Mass Media Promotes Democracy
The journalistic side of the twentieth century can be defined as the struggle for democracy and an independent media against propaganda and subservience to the state. That struggle culminated during the first half of this century in the seizure of the means of communication by the demagogues of the 1930s and 1940s -- Adolf Hitler and Josef Stalin -- and their Cold War reincarnation of the 1950s, Joseph McCarthy -- the ghost that still haunts U.S. journalism. (1) Modern journalism began around 1890 with the advent of a national system of communication and has had a pretty long run.
Describing Philadelphia on the eve of the Revolutionary War, Sam Bass Warner observed that gossip in the taverns provided Philadelphia's basic cells of community life.... Every ward of the city had its inns and taverns and the London Coffee House served as central communication node of the entire city.... Out of the meetings at the neighborhood tavern came much of the commonplace community development... essential to the governance of the city... And made it possible... To form effective committees of correspondence. (2)

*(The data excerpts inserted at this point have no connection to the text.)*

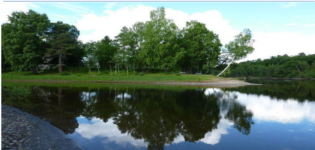
Petersøya fra brakkområde til naturperle i byens sentrum

Venstres sosialliberale politikk tar utgangspunkt i det enkelte menneske. Venstre tror på frihet til å skape innenfor sosialt ansvarlige rammer. Stat og kommune er til for individets skyld, ikke omvendt, FOLK FØRST! Venstre har tro på et samfunn der personlig initiativ og skaperevne får utvikle seg, der individets rett til å kunne realisere sine mål er til stede, samtidig er det like viktig å vise sosialt ansvar, bry seg om, og kunne samarbeide med andre.
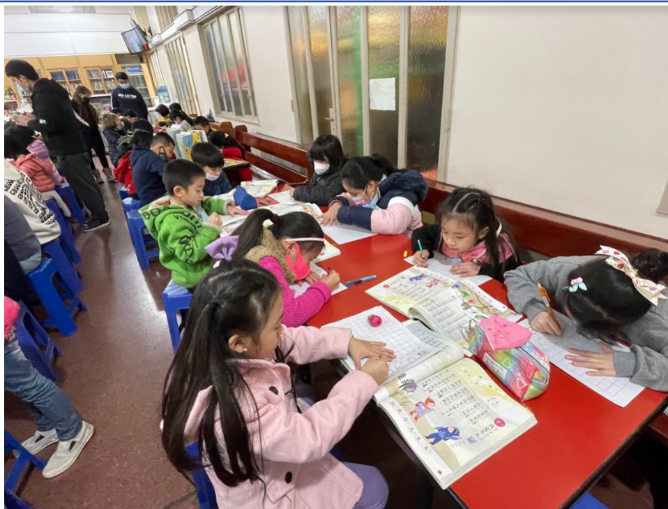
111學年度愛育學校正體漢字文化節「全校寫字比賽」2
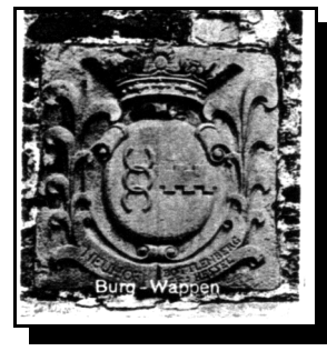
Abbildung 2 Burg-Wappen
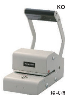
KON MODEL PR-10 (PAID/VOID)
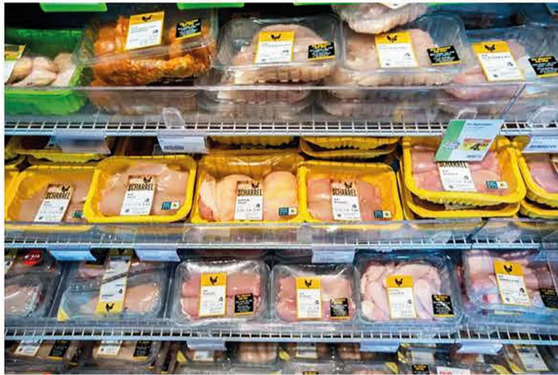
Kippenvlees in de koeling van Albert Heijn.

René van der Luer 9 december 2021, 07:00
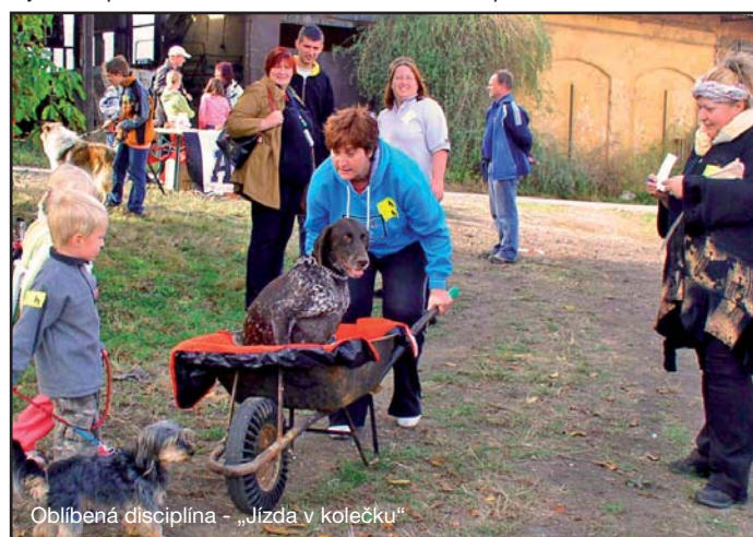
Oblíbená disciplína - „Jízda v kolečku“
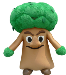
森の番人「クスジー」
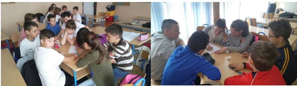
Slika 5. Radionice učitelja i učenika

U školama su održane radionice za učitelje i učenike kako bi se upoznali s projektom ENABLE i njegovom provedbom. Predstavljeni su im svi materijali koji će učitelji koristiti na svojim radionicama s učenicima, a koji će im pomoći da najbolje ostvare ciljeve planiranih aktivnosti.
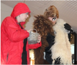
Rauðhetta og Úlfurinn ræða saman
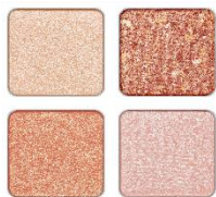
EX-1 ピンキーサンライズ
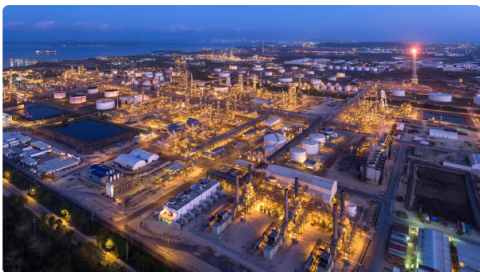
Refinería de Cartagena.

Tras conocerse la situación, la compañía activó el plan de contingencia para atender la interrupción y avanzar en el restablecimiento de las unidades de proceso que quedaron fuera de servicio.
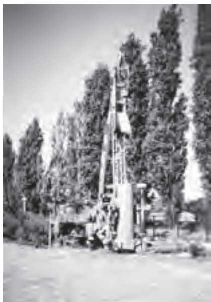
Obr. 2 Vrtání v nepevných horninách
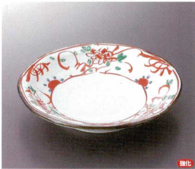
キ-14604 714604 6,400円 赤絵花8.0皿 20入 25×4.7cm
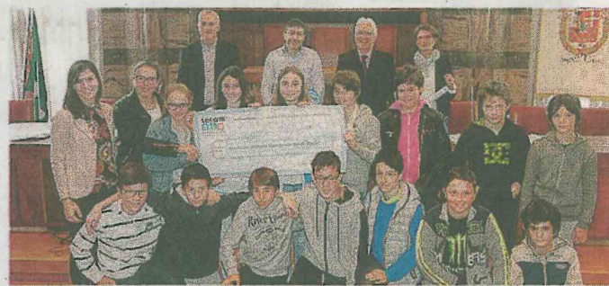
Alle prime medie di Aprica il terzo posto
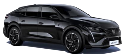
Noir Perla Nera M09V - Option
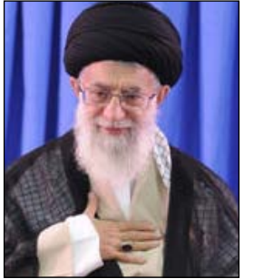
عزت امروز ملت ایران از نتایج عمل به قرآن است
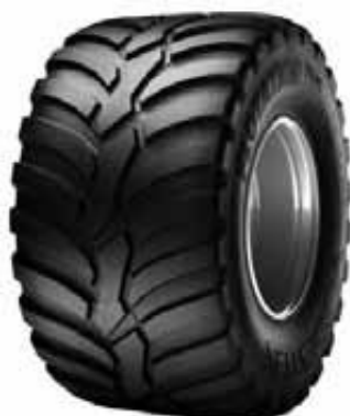
VREDESTEIN Flot PRO
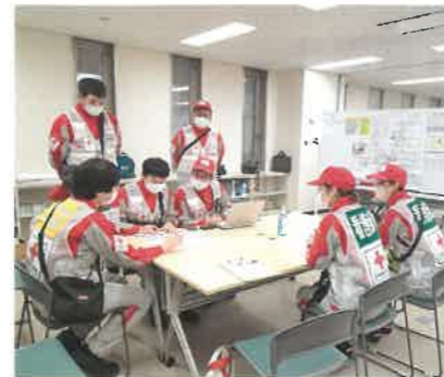
現地で打ち合わせする静岡赤十字病院救護班

令和6年1月1日に発生した能登半島地震では、被災地に救護班4班、災害医療コーディネートチーム1班を派遣しました。（1月末時点）
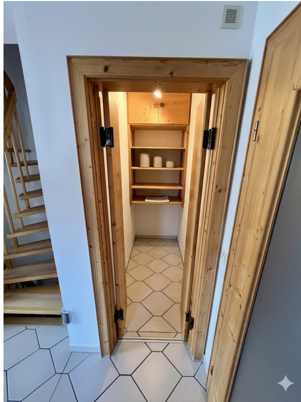
Speisekammer im EG
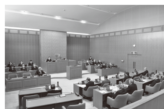
△3月に始動した新たな町議会

今後は継続して「広報つるた」内に議会活動報告をさせていただきますので、町民の皆さまもご注目ください。
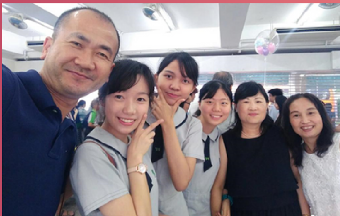
← 筆者與父母、好友的合照
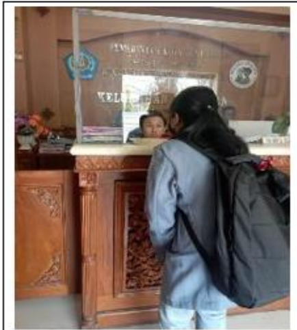
Gambar 1 Dokumentasi Pengumpulan Data di Kelurahan Pedungan
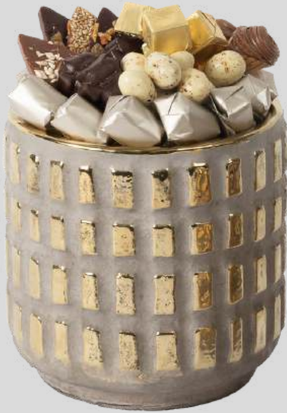
Ref0069 Vase carreaux vintage GM Ø= 15 cm H= 16 cm 400 g - 590 MAD
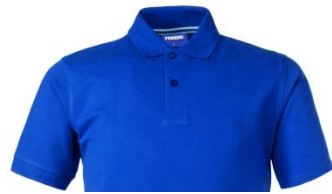
06 – AZUL REAL
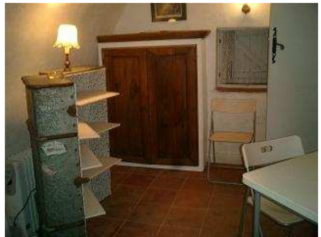
Les rangements de la chambre
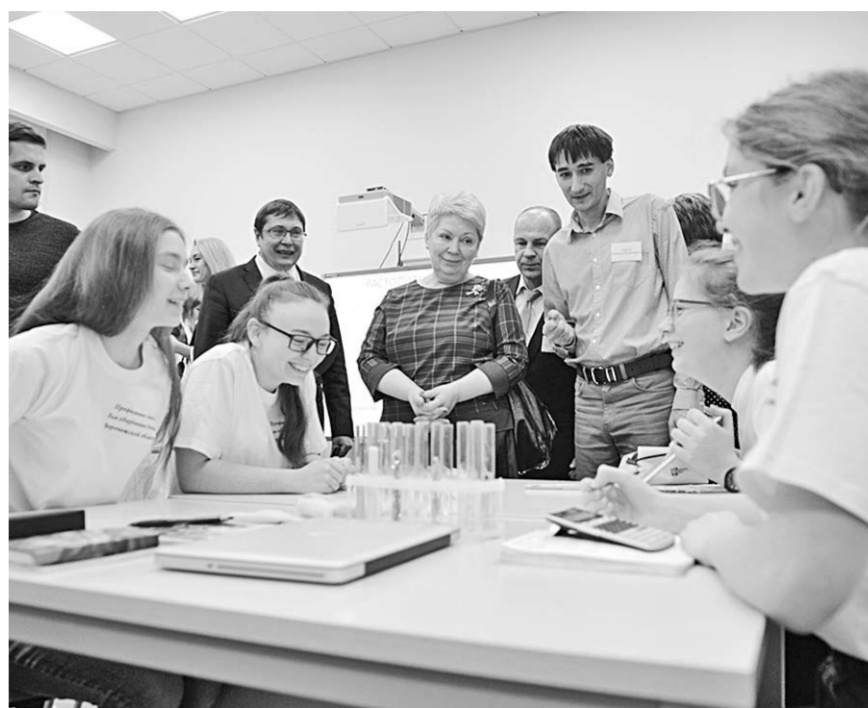
В пансионате «Солнышко» одарённые дети глубоко изучают любимый предмет, а также отдыхают.
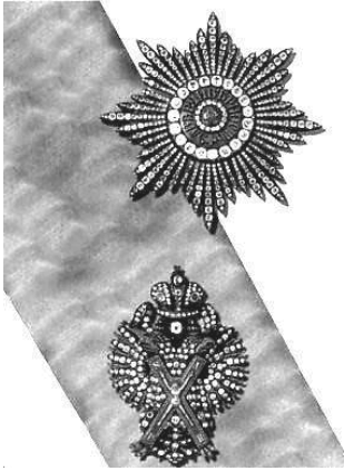
Орден Св. апостола Андрея Первозванного и Звезда

Теперь уже есть кому строить российский флот - и в мае 1702 г. состоялось основание первой кораблестроительной верфи Балтийского флота в устье р. Сясь (близ Ладоги) и закладка на ней первых военных судов – фрегат-ов (кораблей, имевших 40-50 орудий и команду 300-500 человек на каждом), а 16 мая 1703 г. состоялась закладка в устье р. Невы Петропавловской крепости и города Санкт-Петербурга.
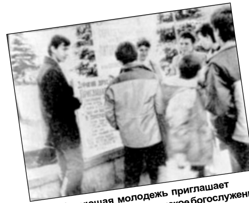
Верующая молодежь приглашает жителей города на христианское богослужение (г. Кишинев).

Благодарение Богу за Его великую благодать! В радостное общение со Христом в эти дни влилось более 150 человек. Новообращенным коротко преподали основные истины евангельского учения; иногородних просили по возвращении домой сообщить в своих церквях о своем покаянии. Благословив именем Господа покаявшихся, предали их благодати Божьей.
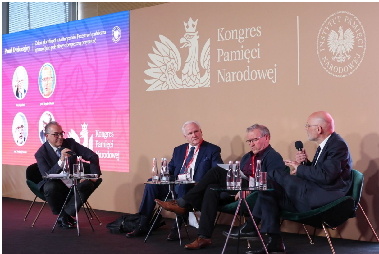
Panel „Zakaz gloryfikacji totalitaryzmów. Przestrzeń publiczna i pamięć jako pole bitwy o bezpieczną przyszłość” – Warszawa, 13 kwietnia 2023.
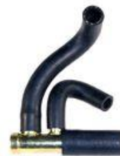
808KIT, CAÑO CIRCULACION AGUA VW POLO-GOLF-CADDY 1.9 '96 AD.(CONJUNTO), DINAHCOM
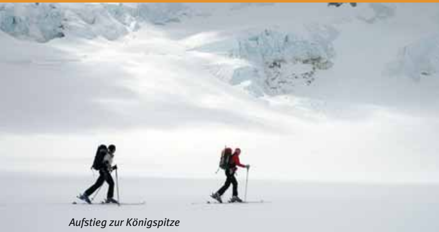
Aufstieg zur Königspitze
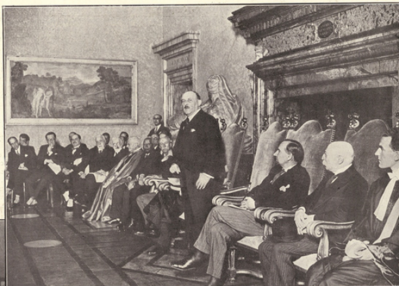
L'allocation de M. H. de Jovenel, ambassadeur de France à Rome.

The public remains the implicit term of the First Amendment. It is the God term -- the worshipped concept -- of liberal society and the press. Without the public, neither the press nor democracy makes any sense. Today, however, this original conception of a public of discussion and disputation, independent of both the press and the state, has been abandoned. Public opinion, for example, no longer refers to opinions expressed in public and then recorded in the press. Public opinion is now formed by the press and modeled by the public opinion industry, polling and interest groups. (3)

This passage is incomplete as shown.